OE 3 La question de l’Homme dans les genres de l’argumentation
Séquence 2 (utopies, dystopies et uchronies)
Texte 2 – George Orwell, « Appendice sur le novlangue », 1984
Orwell est un homme de gauche qui s’est inquiété face à l’évolution des sociétés sous la domination de l’URSS
pendant la guerre froide (voir la vidéo « Alchimie d’un roman » sur 1984 pour la présentation de l’œuvre).
Problématique : comment l’auteur s’y prend pour dénoncer la société contemporaine ?
I. Un texte explicatif en argumentation indirecte
a. Un exposé qui suit un plan ordonné (détailler les sous-parties successives, leur thème et leur(s)
argument(s))
b. L’auteur démontre le lien entre l’appauvrissement du vocabulaire et de la pensée critique (donner
des citations). Nommer les choses, c’est pouvoir les concevoir. Avec peu de vocabulaire, le
champ de la réflexion se retreint. En modifiant les connotations attachées à un mot, on peut
manipuler la pensée (Miniver, komintern, etc.)
c. L’auteur démontre le lien entre l’appauvrissement de la grammaire et de la pensée complexe
(donner des citations). Avec une grammaire simplifiée, les distinctions fines deviennent
impossibles et les nuances disparaissent.
d. Le dernier paragraphe est la conséquence que l’auteur tire des paragraphes précédents. En
traduisant les grands textes de la littérature en novlangue, on les dénature complètement. La
littérature est, par essence, la langue qui exprime une pensée nuancée et complexe. Si la
novlangue domine, il n’y aura plus de littérature et le patrimoine du passé ne sera plus transmis
aux générations futures.
II. Un texte inséré dans une argumentation indirecte
a. L’Angsoc : parti unique qui règne sur la société dystopique décrite dans le roman. Il s’inspire
largement du pouvoir centralisé de l’URSS. Il s’inspire aussi du parti unique nazi durant le IIIe
Reich. L’analyse du novlangue décrit en grande partie la façon dont le langage était utilisé par
la propagande officielle par ces deux Etats totalitaires (voir les références dans notre texte).
b. Ce roman n’est pas qu’une dystopie qui s’appuie sur le passé. Elle est destinée à nous mettre en
garde contre l’avenir. Il s’agit de réfléchir aux utilisations idéologiques du langage. Connaissez-
vous des utilisations similaires du vocabulaire aujourd’hui ? Donnez vos propres exemples.
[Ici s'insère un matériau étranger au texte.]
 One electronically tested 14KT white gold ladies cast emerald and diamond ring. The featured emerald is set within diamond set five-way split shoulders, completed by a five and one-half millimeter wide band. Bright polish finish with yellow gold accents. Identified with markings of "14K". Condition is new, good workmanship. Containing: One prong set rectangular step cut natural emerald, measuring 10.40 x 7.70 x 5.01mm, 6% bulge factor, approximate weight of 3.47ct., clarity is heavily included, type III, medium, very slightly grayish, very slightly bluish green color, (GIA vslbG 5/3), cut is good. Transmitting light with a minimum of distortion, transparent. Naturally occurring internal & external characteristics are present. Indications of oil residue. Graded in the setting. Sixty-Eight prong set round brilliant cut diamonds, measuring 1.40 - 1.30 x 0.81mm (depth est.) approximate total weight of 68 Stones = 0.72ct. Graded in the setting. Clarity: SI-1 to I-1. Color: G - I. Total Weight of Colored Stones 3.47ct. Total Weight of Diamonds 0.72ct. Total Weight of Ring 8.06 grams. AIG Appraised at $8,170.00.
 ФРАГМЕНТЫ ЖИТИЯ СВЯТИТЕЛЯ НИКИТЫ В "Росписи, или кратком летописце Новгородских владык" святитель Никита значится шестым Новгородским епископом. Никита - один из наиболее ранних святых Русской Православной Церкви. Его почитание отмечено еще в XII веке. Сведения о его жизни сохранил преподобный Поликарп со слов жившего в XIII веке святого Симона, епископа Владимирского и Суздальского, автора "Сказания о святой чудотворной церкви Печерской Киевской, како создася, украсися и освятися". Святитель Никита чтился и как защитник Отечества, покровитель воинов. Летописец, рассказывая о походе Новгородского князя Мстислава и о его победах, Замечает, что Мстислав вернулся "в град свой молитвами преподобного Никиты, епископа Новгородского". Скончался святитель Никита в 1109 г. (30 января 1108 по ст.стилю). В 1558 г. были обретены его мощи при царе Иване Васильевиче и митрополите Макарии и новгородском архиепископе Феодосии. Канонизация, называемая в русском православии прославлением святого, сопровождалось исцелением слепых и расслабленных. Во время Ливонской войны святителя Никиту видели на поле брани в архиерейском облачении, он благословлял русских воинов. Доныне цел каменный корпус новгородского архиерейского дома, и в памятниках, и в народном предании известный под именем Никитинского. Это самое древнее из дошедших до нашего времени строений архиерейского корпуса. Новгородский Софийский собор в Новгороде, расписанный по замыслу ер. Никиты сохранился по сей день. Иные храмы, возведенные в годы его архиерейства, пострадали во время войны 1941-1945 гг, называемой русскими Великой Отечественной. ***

III. Un texte littéraire qui parle de littérature
a. Un texte qui critique une langue nouvelle dans une langue qui va disparaître. Le texte original
dont nous lisons la traduction a été écrit en anglais. Dans le roman, l’anglais est appelé
« ancilangue » (ancienne langue). C’est un paradoxe intéressant que le novlangue soit décrit en
ancilangue. Le texte que nous lisons serait donc formellement interdit dans la société de 1984 et
serait une cause d’emprisonnement et de torture pour son auteur comme pour le lecteur. Le texte
se présente donc comme un texte fondamentalement subversif.
b. C’est un texte qui annonce la fin de la littérature. Il comporte donc une dimension fortement
pessimiste. Etant donné la façon dont il est écrit, sa façon de remettre en question les utilisations
bonnes et mauvaises de la langue, ce texte apparaît comme le dernier texte littéraire au sein du
roman.
c. Mais, par un renversement de perspective, ce texte défend la littérature puisqu’il dénonce les
manipulations de la pensée par la manipulation du langage. En outre, c’est un texte qui figure à
l’intérieur d’un roman, c’est-à-dire à l’intérieur d’un texte littéraire. En apparence, ce texte
annonce la fin de la littérature, à un deuxième niveau de lecture, il prouve par son existence le
triomphe de la littérature sur toutes les tentatives pour étouffer la pensée critique. Il nous fait
réfléchir.
Conclusion : faire le bilan et ouverture possible : le « novlangue » est une expression qui a fait florès. On entend
des journalistes ou des hommes politiques l’utiliser encore de nos jours pour dénoncer les tentatives sournoises de
manipulations de la pensée critique.